* PROVIDED MATERIAL

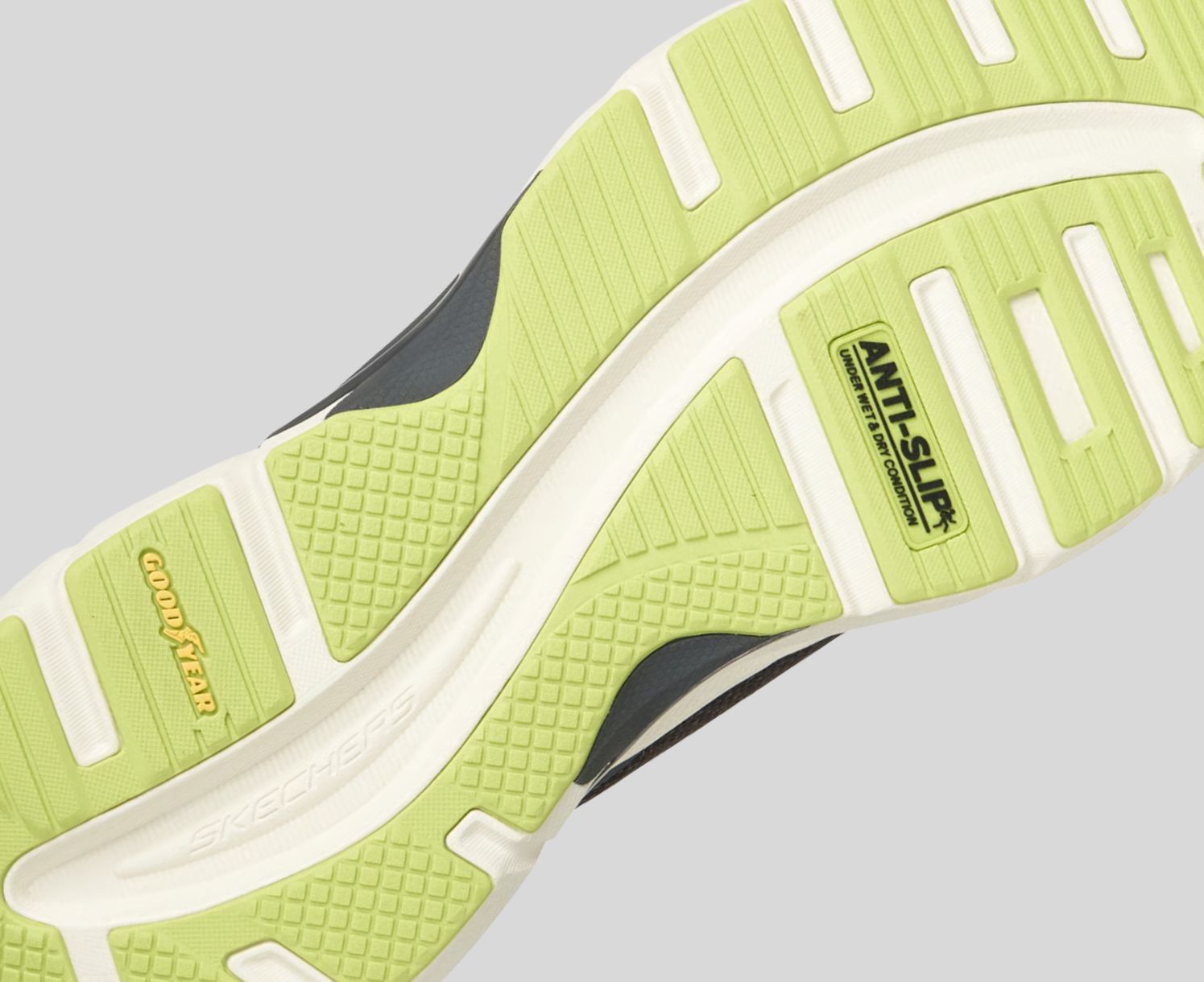 - Goodyear (and Winged Foot Design) are trademarks of or licensed to The Goodyear Tire & Rubber Company used under license by Skechers USA, Inc., Manhattan Beach, CA. © 2026 The Goodyear Tire & Rubber Company. This or any footwear cannot completely eliminat
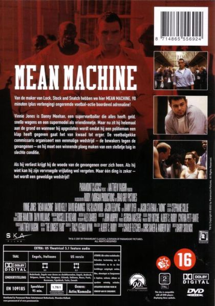 Van de maker van Lock, Stock and Snatch hebben we hier MEAN MACHINE, 90 minuten (plus verlenging) ongeremde voetbal-actie boordevol adrenaline!Vinnie Jones is Danny Meehan, een supervoetballer die alles heeft: geld, snelle wagens en een supermodel als vriendinnetje. Maar nu zit hij helemaal aan de grond en wanneer hij opgesloten wordt omdat hij een politieman een klap heeft gegeven gaat het van kwaad tot erger. De voetbalgekke commissaris organiseert een eenmalige wedstrijd - de bewakers tegen de gevangenen - en hij moet een winnende ploeg maken van een stelletje tuig in slechte conditie.Als hij verliest krijgt hij de woede van de gevangenen over zich heen. Als hij wint kan hij zijn vervroegde vrijlating wel vergeten. Maar een ding is zeker - het wordt een geweldige wedstrijd!
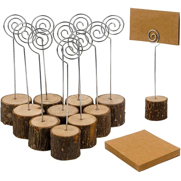 - Perfect Set for Your Party - Package comes with 20PCS wooden place card holders with swirl iron wire clip and 30Pcs blank kraft place cards for writing. Enough for you to prepare more for your family party, wedding or birthday celebrating.
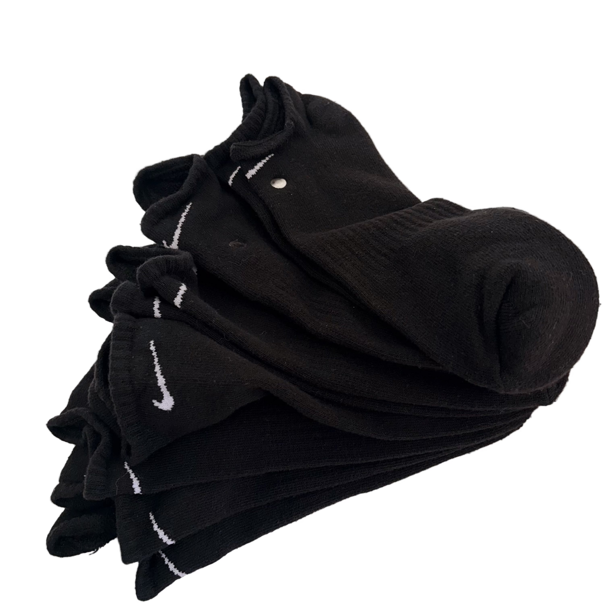 Pack de 12 pares de medias deportivas Nike en color negro clásico, confeccionadas con una mezcla de algodón, poliéster y spandex que garantiza comodidad, suavidad y ajuste perfecto durante todo el día. 🧦✨

* YOUR INSTRUCTIONS
Output the data exactly. Leave every picture out.

* RESULT
 - Goodyear (and Winged Foot Design) are trademarks of or licensed to The Goodyear Tire & Rubber Company used under license by Skechers USA, Inc., Manhattan Beach, CA. © 2026 The Goodyear Tire & Rubber Company. This or any footwear cannot completely eliminat
 Van de maker van Lock, Stock and Snatch hebben we hier MEAN MACHINE, 90 minuten (plus verlenging) ongeremde voetbal-actie boordevol adrenaline!Vinnie Jones is Danny Meehan, een supervoetballer die alles heeft: geld, snelle wagens en een supermodel als vriendinnetje. Maar nu zit hij helemaal aan de grond en wanneer hij opgesloten wordt omdat hij een politieman een klap heeft gegeven gaat het van kwaad tot erger. De voetbalgekke commissaris organiseert een eenmalige wedstrijd - de bewakers tegen de gevangenen - en hij moet een winnende ploeg maken van een stelletje tuig in slechte conditie.Als hij verliest krijgt hij de woede van de gevangenen over zich heen. Als hij wint kan hij zijn vervroegde vrijlating wel vergeten. Maar een ding is zeker - het wordt een geweldige wedstrijd!
 - Perfect Set for Your Party - Package comes with 20PCS wooden place card holders with swirl iron wire clip and 30Pcs blank kraft place cards for writing. Enough for you to prepare more for your family party, wedding or birthday celebrating.
 Pack de 12 pares de medias deportivas Nike en color negro clásico, confeccionadas con una mezcla de algodón, poliéster y spandex que garantiza comodidad, suavidad y ajuste perfecto durante todo el día. 🧦✨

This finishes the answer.